RQ 1 – Change size and purpose
APR and HPR distributions differ markedly. APRs are heavily skewed toward non‑functional improvements: refactoring (24.9 %), documentation (22.1 %), test additions (18.8 %), build changes (10.8 %), and style tweaks (7.5 %). In contrast, HPRs contain more “chore” (10.4 %) and CI‑related changes (7.2 %). Both groups address bugs (≈31 %) and new features (≈27 %) at similar rates, indicating that agents are already being used for substantive functional work, but they excel at repetitive, well‑defined tasks.
RQ 2 – Acceptance and rejection
Overall, 83.8 % of APRs are merged, compared with 91.0 % of HPRs. Rejections are primarily driven by project‑specific context—alternative solutions, oversized PRs, or misalignment with repository conventions—rather than intrinsic code defects. This suggests that the primary barrier to adoption is not AI quality per se, but the need for the PR to fit the maintainers’ workflow and standards.

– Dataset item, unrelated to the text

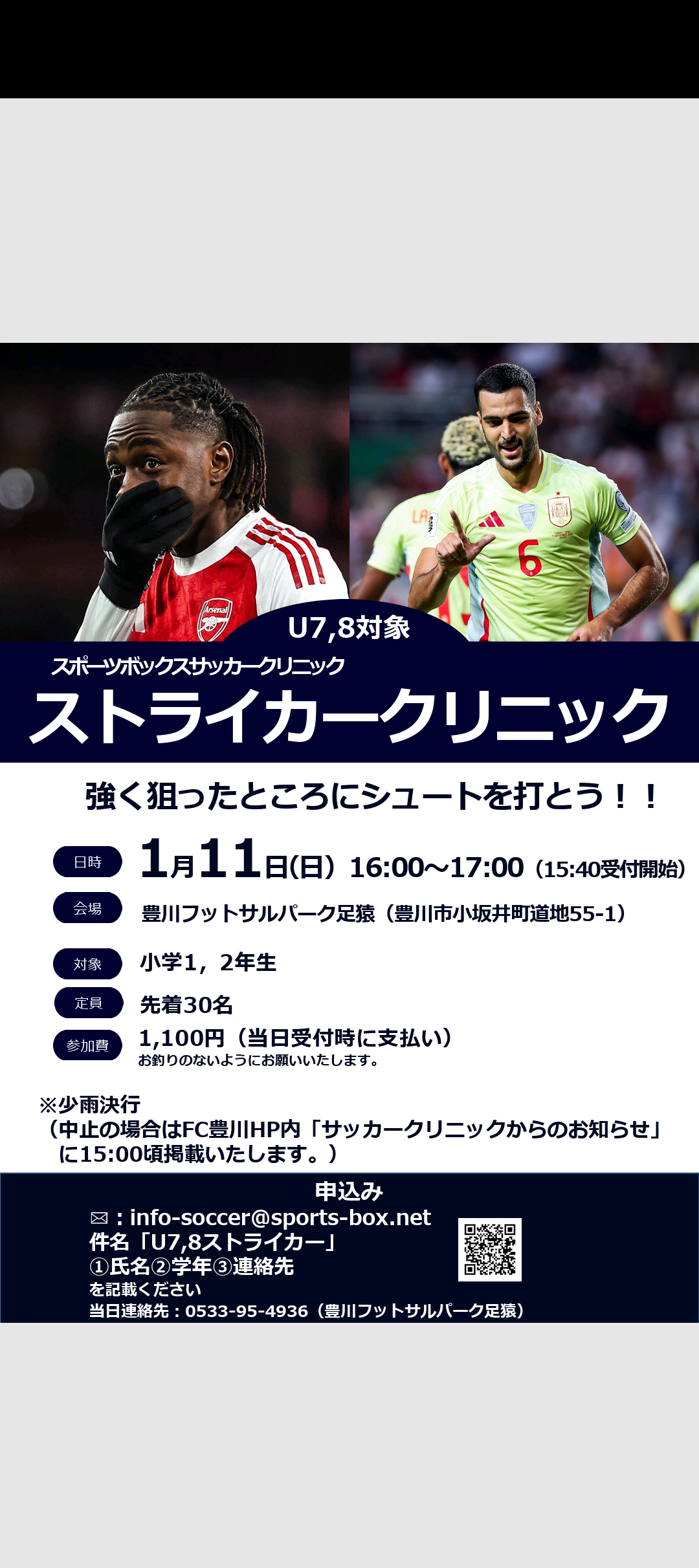 2025/12/17 U7,8ストライカークリニック U7,8ストライカークリニック!! 好評ストライカークリニックが久しぶりの開催! 強いシュートを決められるコツを掴もう! 上手くなりたい選手はぜひ! 詳細は画像をご覧ください ご参加お待ちしております!

RQ 3 – Merged without revision
Among merged PRs, 54.9 % of APRs are accepted “as‑is,” a proportion statistically indistinguishable from the 58.5 % observed for HPRs. When revisions are required, the additional effort (measured by number of extra commits, lines of code changed, and files touched) does not differ significantly between APRs and HPRs. Thus, human reviewers do not expend substantially more work to clean up agent‑generated changes.

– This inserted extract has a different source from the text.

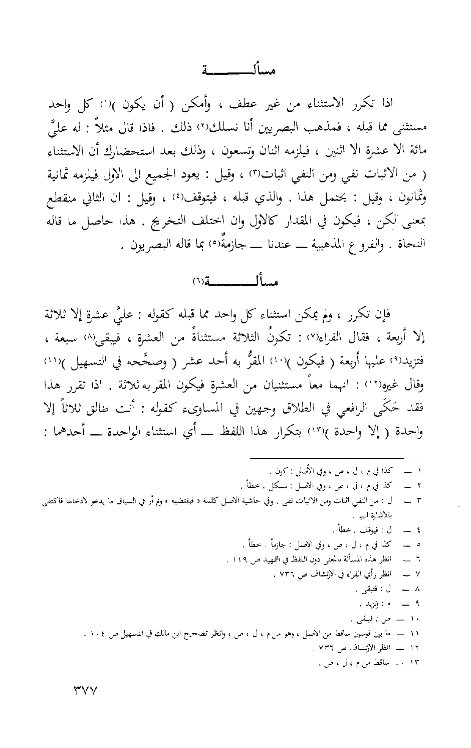 إِذا تكَرر الِاسْتِثْنَاء من غير عطف وَأمكن أَن يكون كل وَاحِد مُسْتَثْنى مِمَّا قبله فمذهب الْبَصرِيين أَنا نسلك ذَلِك فَإِذا قَالَ مثلا لَهُ عَليّ مائَة إِلَّا عشرَة إِلَّا اثْنَيْنِ فَيلْزمهُ اثْنَان وَتسْعُونَ وَذَلِكَ بعد استحضارك أَن الِاسْتِثْنَاء من الاثبات نفي وَمن النَّفْي إِثْبَات وَقيل يعود الْجَمِيع إِلَى الأول فَيلْزمهُ ثَمَانِيَة وَثَمَانُونَ وَقيل يحْتَمل هَذَا وَالَّذِي قبله فَيتَوَقَّف وَقيل إِن الثَّانِي مُنْقَطع بِمَعْنى لَكِن فَيكون فِي الْمِقْدَار كَالْأولِ وَإِن اخْتلف التَّخْرِيج هَذَا حَاصِل مَا قَالَه النُّحَاة وَالْفُرُوع المذهبية عندنَا جازمة بِمَا قَالَه البصريون

RQ 4 – Types of required revisions
For the 45.1 % of APRs that needed post‑acceptance changes, the most common revision categories are bug fixes (47.7 %), documentation updates (29.0 %), refactoring (27.1 %), and style improvements (23.4 %). These findings highlight that while agents can produce syntactically correct code, they still miss subtle logical errors and project‑specific style or documentation conventions, underscoring the necessity of human oversight.
Implications
The study demonstrates that autonomous AI agents can produce pull requests that are largely acceptable to real‑world maintainers, especially for tasks that are repetitive, well‑structured, or non‑functional in nature. The comparable merge‑without‑revision rates suggest that agent‑generated code can reach a quality level close to human contributions. However, the need for human‑driven bug fixes and contextual adjustments indicates that a fully autonomous pipeline is not yet viable; a hybrid workflow where agents handle boilerplate or routine changes while humans perform final validation appears optimal.
Threats to validity
Key limitations include reliance on a single agentic tool (Claude Code), which may not represent the broader class of LLM‑based agents; the string‑based PR identification method could miss unmarked agentic PRs; and the focus on open‑source repositories may limit generalizability to corporate or proprietary codebases with different governance models.
Future work
The authors propose extending the analysis to multiple LLM agents (e.g., GitHub Copilot, OpenAI’s Code Interpreter) and to private enterprise repositories. They also suggest developing automated quality metrics (e.g., static analysis, test coverage) to quantitatively assess the incremental value of human revisions, and exploring how to better integrate agents into CI/CD pipelines to reduce the manual review burden.
In sum, the paper provides robust empirical evidence that agentic coding tools are already useful in practice, achieving high acceptance rates and modest revision overhead, while also clarifying the boundaries where human expertise remains indispensable.